Sagar, MP, Apr 6: A special court sentenced four persons to life imprisonment while acquitting 13 in the Patna Tamoli 'sati' incident, which occurred on August 6, 2002 in Panna district.

Special court Judge A K Mishra yesterday convicted the victim 62-year-old Kuttu Bai's two sons Ashok Kumar (45) and Raj Kumar (35) besides brothers Jai Narayan (34) and Deep Narayan (33) who stopped police personnel from preventing 'sati'. They were slapped fines of Rs 500 each and in default they would serve an extra three months in jail.

The judge provided benefit of doubt to 13 others.
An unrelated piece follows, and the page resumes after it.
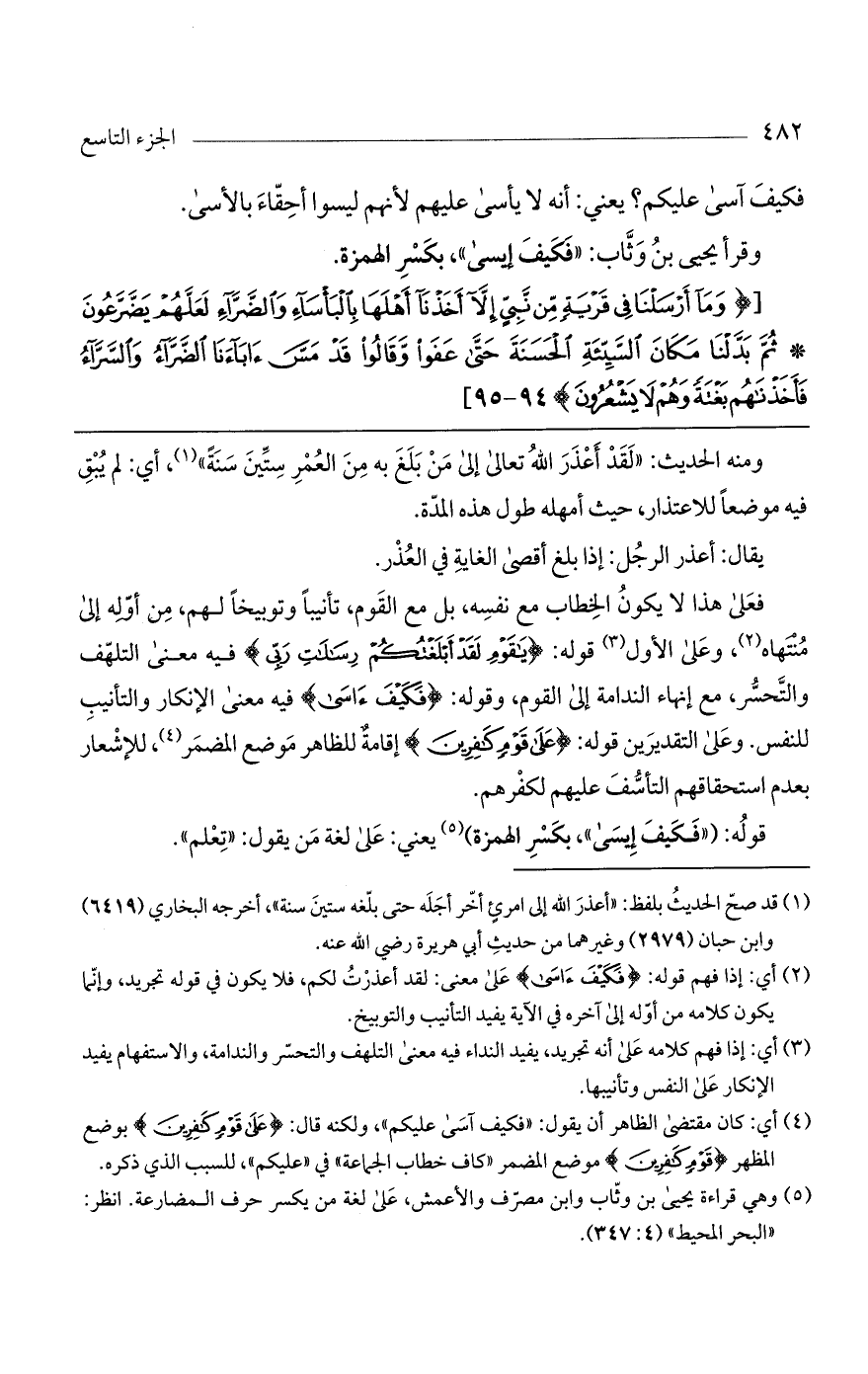 فعلى هذا لا يكون الخطاب مع نفسه، بل مع القوم، تأنيباً وتوبيخاً لهم، من أوله إلى منتهاه، وعلى الأول قوله: (يَا قَوْمِ لَقَدْ أَبْلَغْتُكُمْ رِسَالاتِ رَبِّي) فيه معنى التلهف والتحسر، مع إنهاء الندامة إلى القوم، وقوله: (فكيف أسي) فيه معنى الإنكار والتأنيث للنفس. وعلى التقديرين قوله: (على قوم كافرين) إقامة للظاهر موضع المضمر، للإشعار بعدم استحقاقهم التأسف عليهم لكفرهم.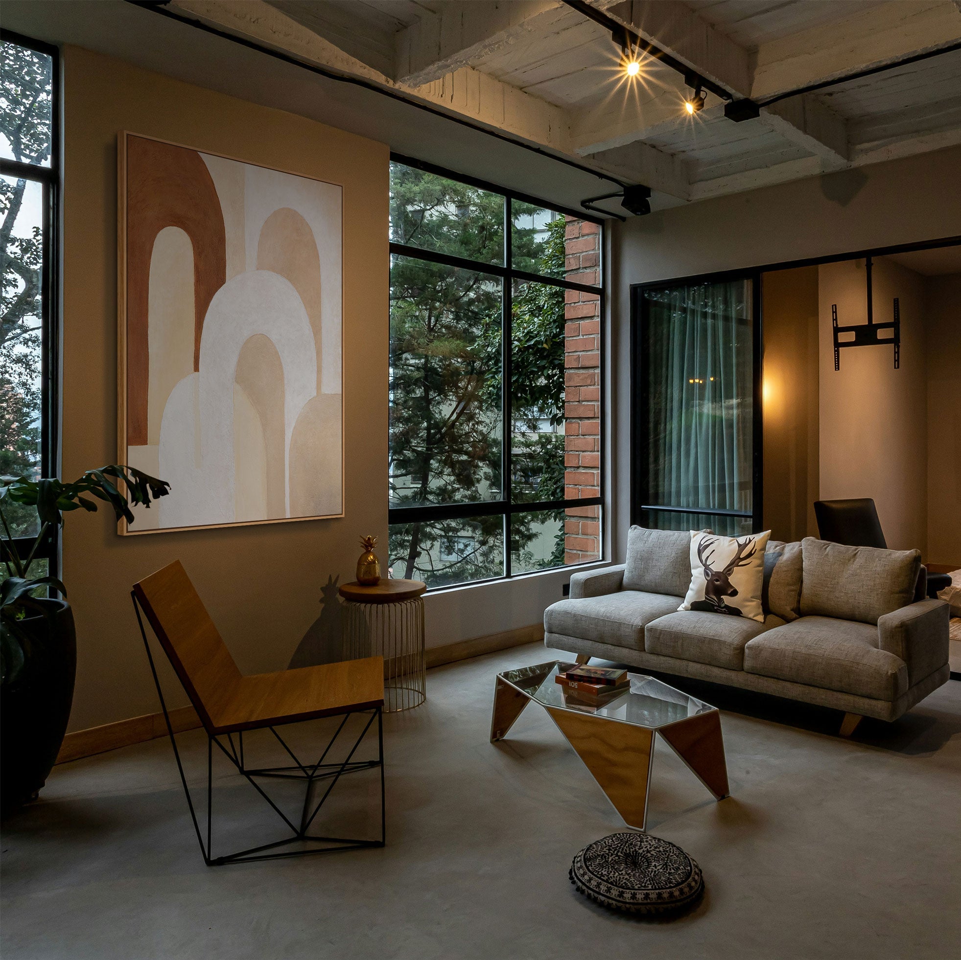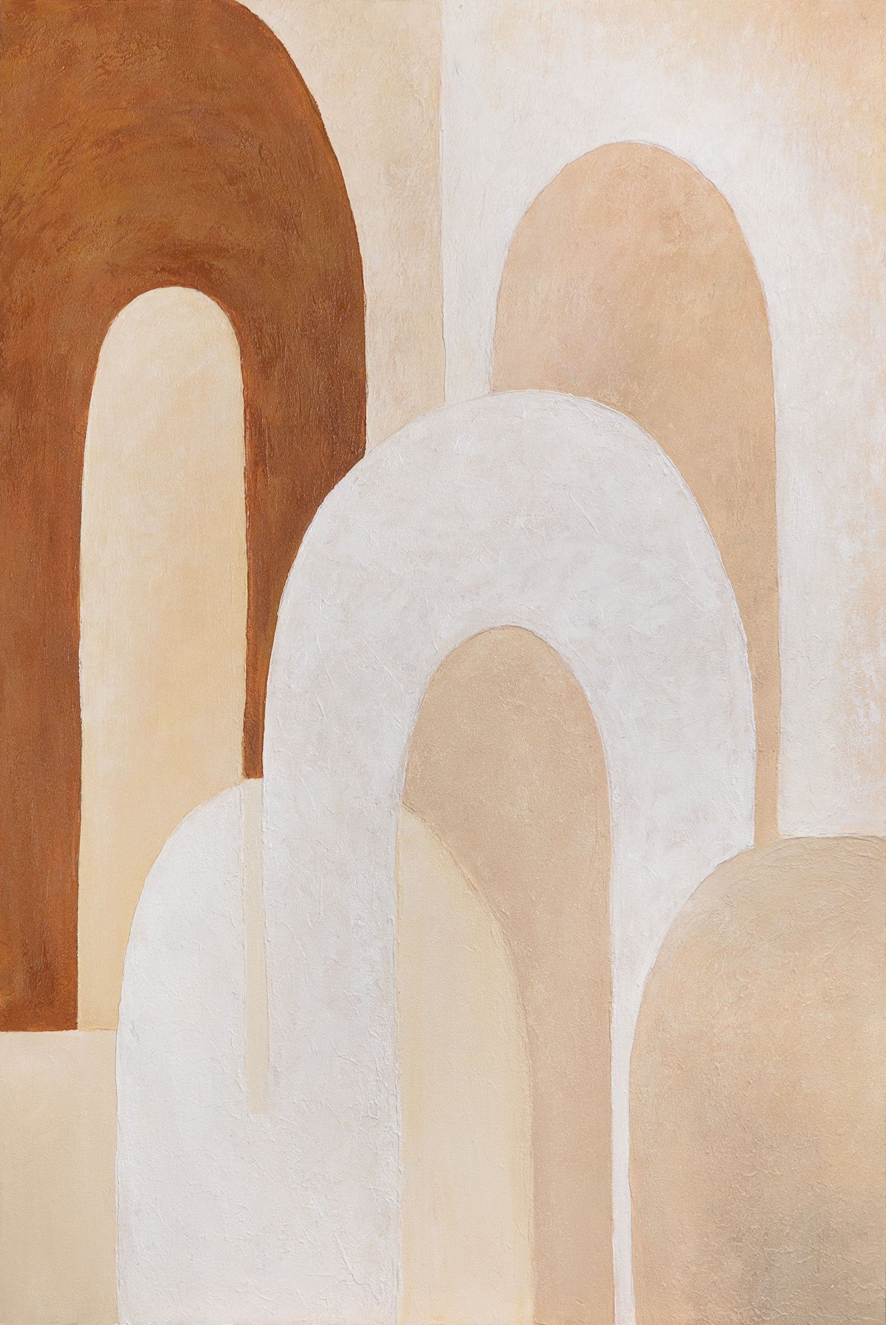 « Souffle de l'Architecture » allie rigueur géométrique et douce harmonie. Des arches organiques aux tons beiges chauds se fondent dans des nuances brunes terreuses, créant un équilibre architectural serein. La surface texturée donne vie à la lumière et aux ombres, comme un hommage aux formes et matériaux méditerranéens.

According to prosecution, Kuttu Bai -- of Patna Tamoli village -- leaped into the pyre of her husband who had a natural death. The victim's relatives assaulted and prevented police personnel from removing the woman from the pyre.

Following a public outcry, as 'sati' is rare in Madhya Pradesh, the then chief minister Digvijay Singh's Congress government imposed an ''economic embargo'' for two years on the village for not preventing sati.

The National Commission for Women had taken suo motu cognisance of the episode and constituted an inquiry committee led by the then NCW chairperson Poornima Advani.

As per the NCW, two police personnel ''failed'' in their attempt to pull her out of her husband's funeral pyre. This incidence was the third of its kind in that village and the inquiry committee observed a structure, in the cremation ground, constructed in memory of a 'sati' that took place about five decades back.

''The family of the deceased was aware of her intention of committing 'sati' as she had already told them a few days before as she realised that her husband would die soon. The superstitious villagers were silent spectators and did not try to stop her,'' a NCW report said.

''Instead, they gathered in the cremation ground with coconut, camphor and other offerings. The local public representatives also did not reach the site of incidence except for informing the police station concerned. Hence, they are accountable for such atrocities taking place in their area. Though the police reached the spot, but their numbers were not adequate,'' it added.

The government halted financial assistance to the panchayat for several schemes such as the Indira Awas Yojana.

Patna Tamoli was among the prosperous villages of Bundelkhand region with more than half of its families engaged in betel cultivation.

After the embargo, power supply became meagre and erratic. About 200 dalit families in the village, dominated by the Chaurasia community, were in penury due to unemployment.

A police post was set up at the sati site to prevent glorification.